PM H+-ATPase uses ATP to pump H+ out of cell (monomeric)
VH+-ATPase pumps protons into vacuole (multimeric)
H+-PPase uses pyrophosphate as energy source to pump protons

Question 13

Where are proton transporters located?

Answer 13

In plasma membrane or tonoplast (membrane of vacuole)

Question 14

Potassium (K)

Answer 14

Strengthens cell walls

Promotes stress tolerance

Regulates enzyme activities

cofactor

Counterion for negatively charged DNA

Cell expansion (guard cells)
maintains turgor and reduces wilting

Question 15

K deficiency

Answer 15

Leads to chlorotic lesions in leaves => yellowing from outside

Question 16

Potash mining

Answer 16

Pump water in soil => let evaporate in lakes

Question 17

K transporters

Answer 17

Multiple different families

Symporters and antiporters

Question 18

Multi-sensory guard cell model

Answer 18

Open:

Light
Low CO2
High humidity
Auxin, JA-mimic
K influx

Close:

Low light
High CO2
Low humidity
ABA
K efflux
Ca2+ influx

Question 19

Salinity stress

Answer 19

Na+ and K+ chemically similar, but Na is toxic => osmotic stress, oxidative stress, compete for high affinity K+ transporters, cause protein degradation and membrane destabilization

Question 20

Salinity tolerance mechanisms

Answer 20

Limit influx => leads to K-deficiency (chlorosis)

Pump out/compartmentalize Na

Synthesize solutes for osmotic adjustment

Accumulate K, to maintain high K/Na ratio

Extrude Na through salt glands

Prevent Na from moving into shoots/leaves => K-deficiency

Change development of shoot

Question 21

Sensing of salt stress

Answer 21

SOS pathway (salt overly sensitive)

SOS3 = calcineurin B-like protein CBL4

SOS2 = CBL interacting protein kinase CIPK24

SOS1 = Na+/H+ antiporter

signalling depends on rapid influx of calcium

Question 22

Halophytes vs. Halotolerants

Answer 22

Preferentially live in saline environments vs. can tolerant salt stress

Question 23

Nitrogen

Answer 23

Abundant in atmosphere but hard to acquire for plants

Triple bond in N2 has to be reduced to ammonia (NH3)

Question 24

Haber-Bosch

Answer 24

Industrial “fixing”/reducing of N2 to NH3/NH4 (ammonia/ammonium)
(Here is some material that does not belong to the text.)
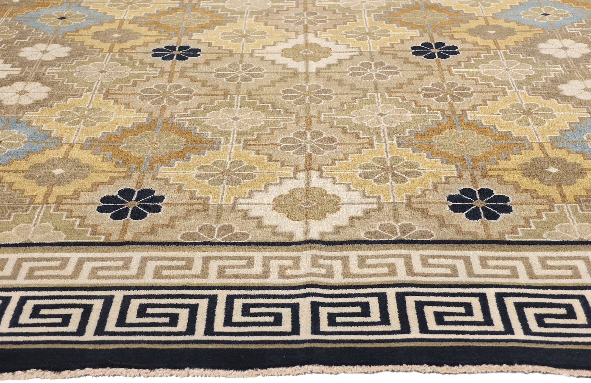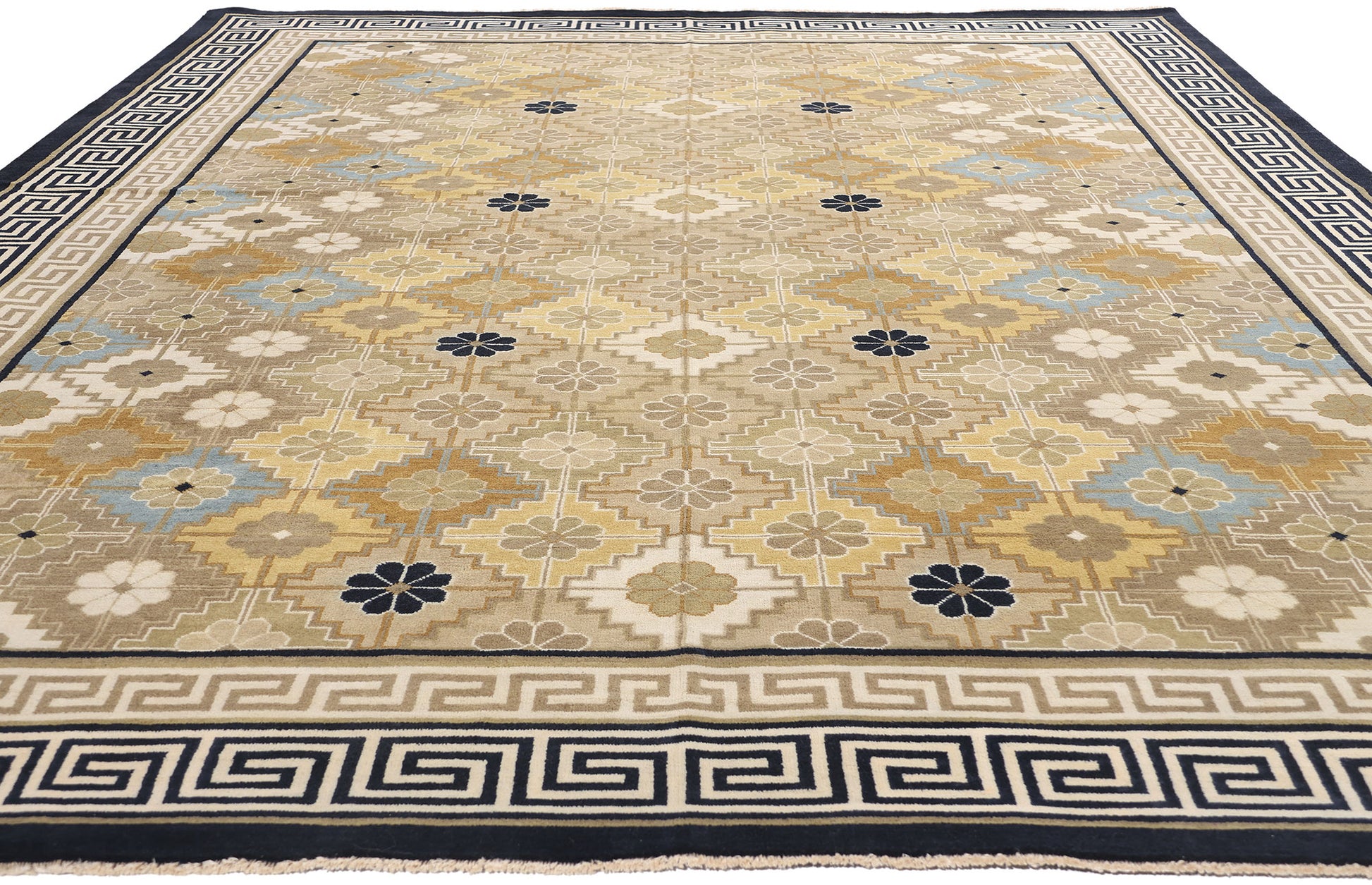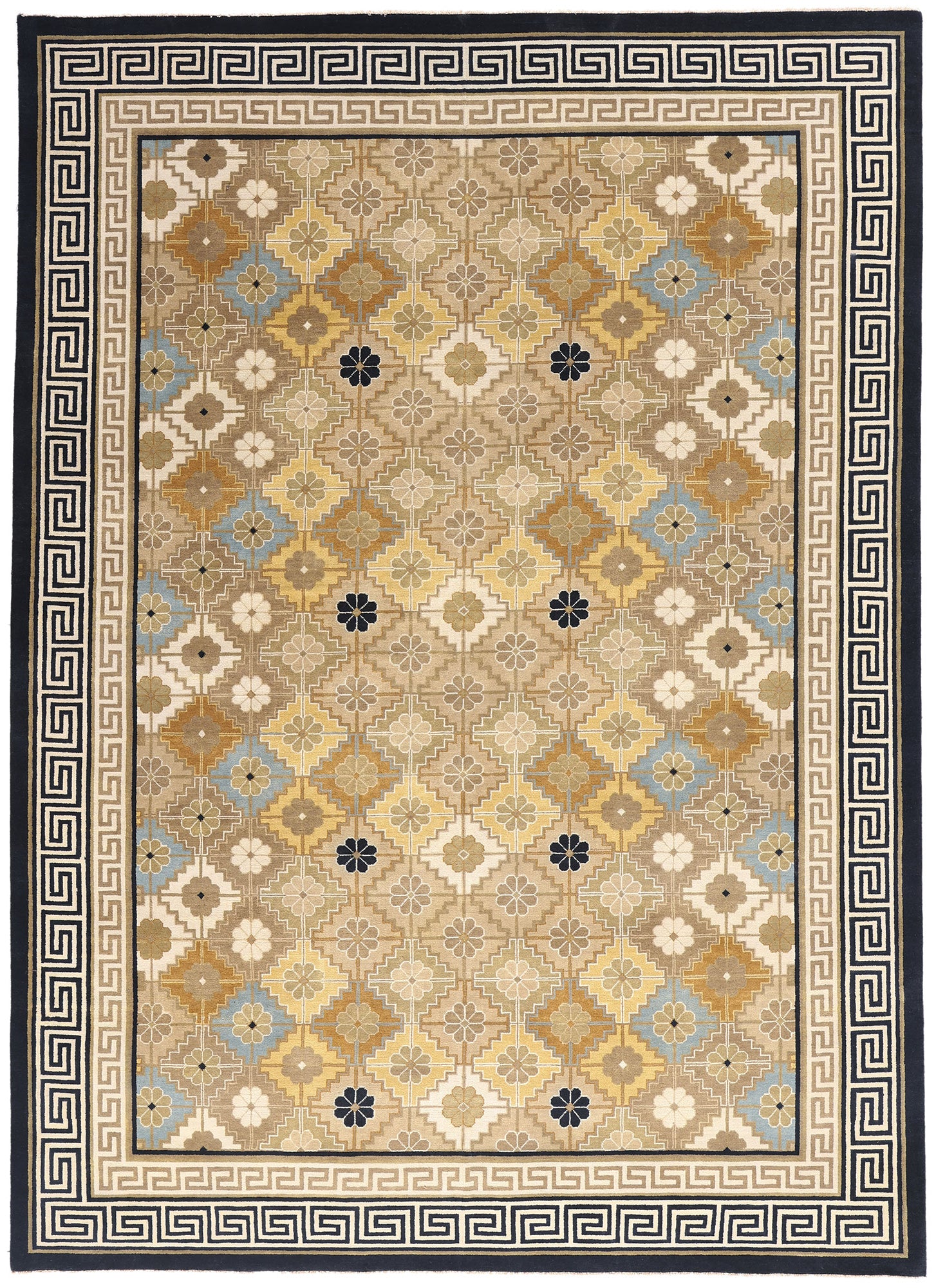 Encasing the rhythmic floral lattice is an exquisite border featuring the classic Greek key motif, a timeless emblem of infinity and continuity. The undulating lines of this labyrinthine pattern symbolize protection and unity, creating a visually compelling frame that accentuates the rug’s intricate center. The layered interplay of beige, taupe, and navy blue within the border amplifies the sense of structure and refinement, grounding the rug’s ethereal elegance in a rich historical narrative.

Very energetically demanding

Question 25

Preferred form of nitrogen for uptake in plants

Answer 25

Nitrate (NO3-) => reduction to NO2- by nitrate reductase (& co-factors = micronutrients) => reduction to NH4+

Question 26

Assimilation of ammonium

Answer 26

Glutamine by glutamine synthetase

Glutamate by glutamine-2-oxoglutarateaminotransferase

Incorporation into amino acids and other nitrogen containing molecules => recycling (pool of nitrogen)

Question 27

Nitrate and Ammonium transporters

Answer 27

AMT and NRT

HATs (high affinity transporters) and LATs (low affinity transporters)
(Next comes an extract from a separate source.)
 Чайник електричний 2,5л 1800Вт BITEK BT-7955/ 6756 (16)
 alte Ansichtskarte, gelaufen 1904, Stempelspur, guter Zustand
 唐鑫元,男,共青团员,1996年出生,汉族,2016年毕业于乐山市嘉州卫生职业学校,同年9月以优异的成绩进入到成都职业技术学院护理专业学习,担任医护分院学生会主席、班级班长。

Also amino acid transporters and urea transporters

Question 28

Discovery of nitrate transporters

Answer 28

Chlorate herbizide => uses nitrate transporters

Question 29

Many prokaryotes can fix nitrogen using an enzyme called…

Answer 29

Nitrogenase using 16 molecules of ATP

Question 30

Root nodules

Question 31

Leghemoglobin

Answer 31

Bacteria needs anoxic environment, leghemoglobin buffers oxygen

Question 32

Nitrogenase complex

Question 33

Responses to nitrogen deficit

Answer 33

Increase uptake by:
Activation of NO3- and NH4+ transporters
Increased root growth, specifically in areas of high [N]
Decrease use by:
Recycling N from e.g. chlorophyll (shortened leaf senescence)
Decrease accumulation of N-rich chlorophyll
Smaller pools of N-containing compounds
Accumulation of N-free compounds

Question 34

Perception of nitrogen deficit

Answer 34

Not fully understood, signalling by small peptide => activates receptor kinase => signal to other part of plant => growth?

Question 35

Phosphorous

Answer 35

Part of nucleic acids, membranes (phospholipids) and ATP => energy

No atmospheric pool

Plant can only acquire Pi and only in close proximity to the root

Question 36

Optimizations for phosphate acquisition

Answer 36

Favor lateral root growth close to soil surface (reduced gravitropism)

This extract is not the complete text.